The trouble is sometimes I don’t feel thirsty.
For my own good physical health, I know I should drink about 8 glasses of water a day. But I often don’t feel like it. Or sometimes when I am thirsty I want something other than water to drink — tea, juice, pop, even coffee now that I’ve learned to like it. I want to drink something more interesting than water — even if I don’t need the extra sugar and calories, even if the caffeine keeps me up at night, even if it’s not as healthy for me.
It’s like that spiritually sometimes too. Sometimes I just don’t feel thirsty for God, I don’t hunger and thirst for righteousness (Matthew 5:6), I fill myself up with scrolling Twitter or watching tv, the way I might fill myself with Pepsi or coffee, instead of drinking water.
Some of these other things are not exactly bad — some may even be worthwhile — but ultimately they are not enough. Because underneath everything else, I’m thirsty — the human spirit is thirsty — not for more things, not for more physical pleasures, not even for more good works — but thirsty for God.
C.S. Lewis writes in The Weight of Glory and Other Addresses:
Our Lord finds our desires not too strong, but too weak. We are half-hearted creatures, fooling about with drink and sex and ambition, when infinite joy is offered to us, like an ignorant child who wants to go on making mud pies in the slum because he cannot imagine what is meant by the offer of a holiday at the sea.

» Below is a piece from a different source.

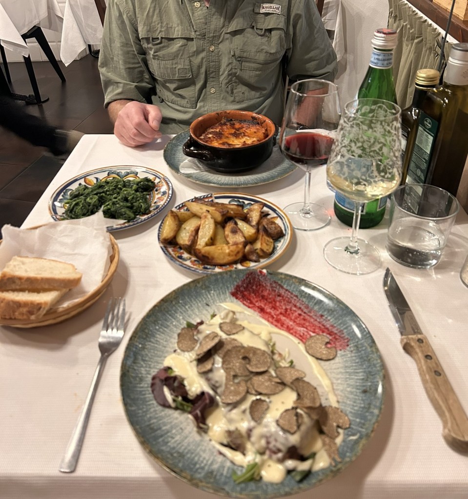 The food was spectacular – probably the best meal I have had in years. I had bruschetta followed by steak with fresh truffles

We are far too easily pleased.
In contrast, Psalm 63 is a witness to the psalmist’s thirst for God.
You, God, are my God,
earnestly I seek you (verse 1)
The King James version translates this as “early will I seek thee,” in keeping with the underlying Hebrew expression that originally meant looking for the dawn. For the psalmist out in the desert, that may have literally meant watching for daybreak. But it isn’t the time of day that is the most important here. It’s really a question of priority — whatever time of the day or night, the psalmist sought God “early” in priority — “earnestly” as the New International Version has it.

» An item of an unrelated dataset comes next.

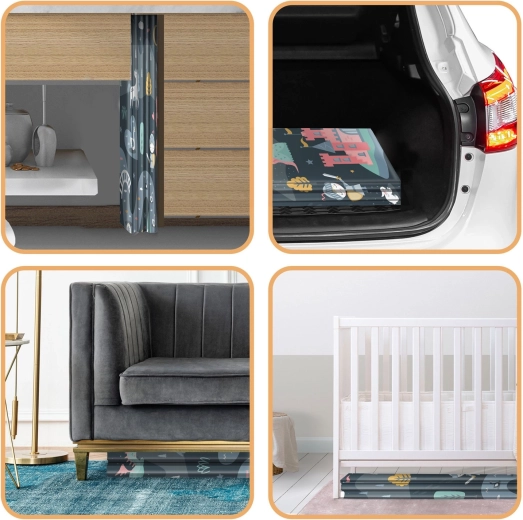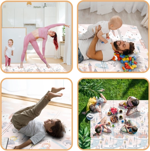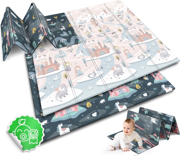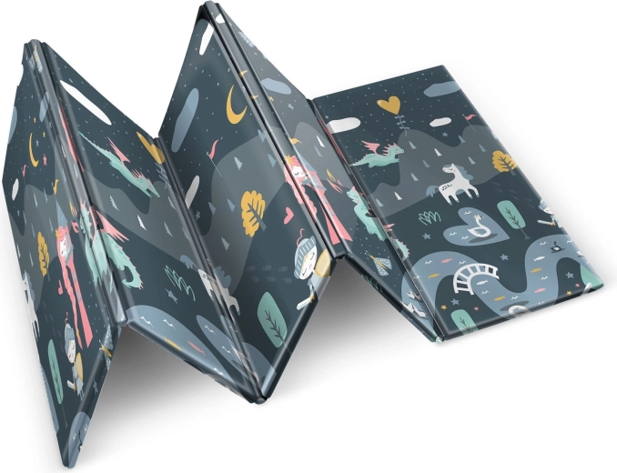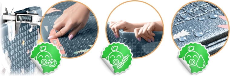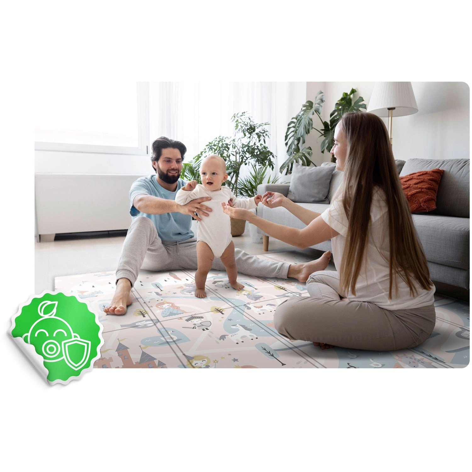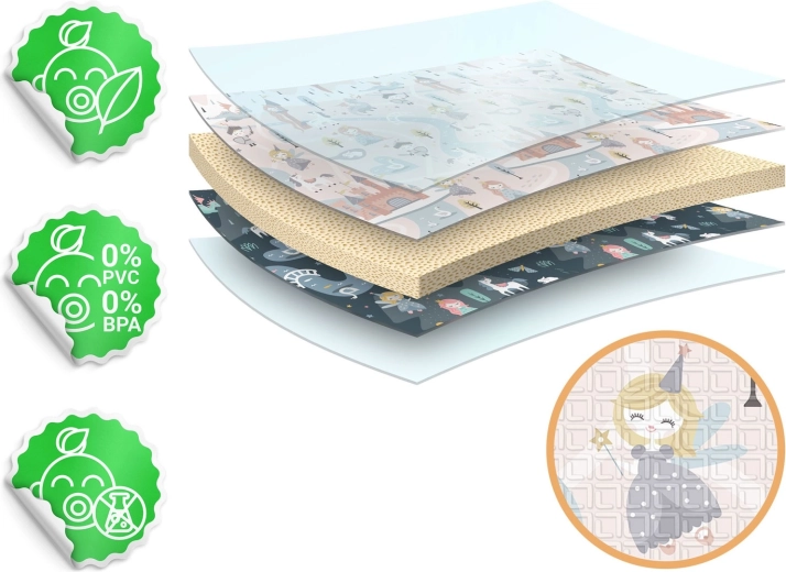 Mata szybko składa się w akordeon, łatwo ją przenosić i przechowywać pod łóżkiem lub w samochodzie. Wodoodporną powierzchnię wystarczy przetrzeć wilgotną ściereczką, co sprawdzi się w domu, w gościach i na zewnątrz podczas pikniku. Materiał jest bez BPA/PVC/ftalanów/formamidu, spełnia CE i testy EN71-1/2/3, więc możesz liczyć na sprawdzoną jakość i bezpieczeństwo.

I will praise you as long as I live,
and in your name I will lift up my hands. (verse 4)
The psalmist includes several references to worship:
I have seen you in the sanctuary
and beheld your power and your glory. (verse 2)

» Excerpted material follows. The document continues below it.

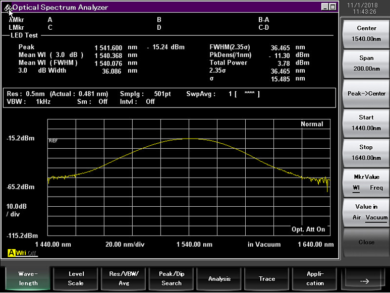 SOA放大器光谱图(引脚=0dBm,I=450mA)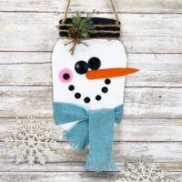 Make a snowman from a mason jar sign to hang in your home all winter. Paint the jar using craft paint. Then make the snowman’s face out of buttons and a craft stick. Finish the snowman sign with a scarf made out of felt. Decorate the jar lid with some twine and a festive pine branch. Hang up and enjoy.

Because your love is better than life,
my lips will glorify you. (verse 3)
Then comes verse 4: “I will praise you as long as I live” — not as long as I feel like it, not as long as it suits me, not as long as I don’t have other plans. I will praise you — as long as I live.
On my bed I remember you;
I think of you through the watches of the night.
Because you are my help,
I sing in the shadow of your wings. (verses 6-7)
In the long watches of the night, while being alert for wild animals, bandits, storms, and enemies, the psalmist kept remembering God’s help. He doesn’t give details here, and the lack of detail invites me to remember how God has helped me in the past. As I reflect on God’s blessings and mercy in my own life, it makes me thirsty for more.
I cling to you;
your right hand upholds me. (verse 8)
On a physical level, I’m told that if I FEEL thirsty, my body is already starting to be dehydrated. I need water even before I start feeling thirsty. On a spiritual level, it’s also true that I need God even when I don’t feel thirsty for God — maybe especially when I don’t feel that spiritual thirst, especially if it’s because I’ve been filling myself up with other things. Yet even in those spiritually dry times, the psalmist reminds me that I can still hold on to God, and God will hold on to me.
Now it’s your turn:
Seeking God through prayer, regular worship, remembering how God has helped me in the past, and other spiritual practices can help re-awaken my thirst for God, even while I realize that faith is a gift (Eph 2:8), and it’s God who draws me into closer relationship. What do you suggest for times of spiritual dryness?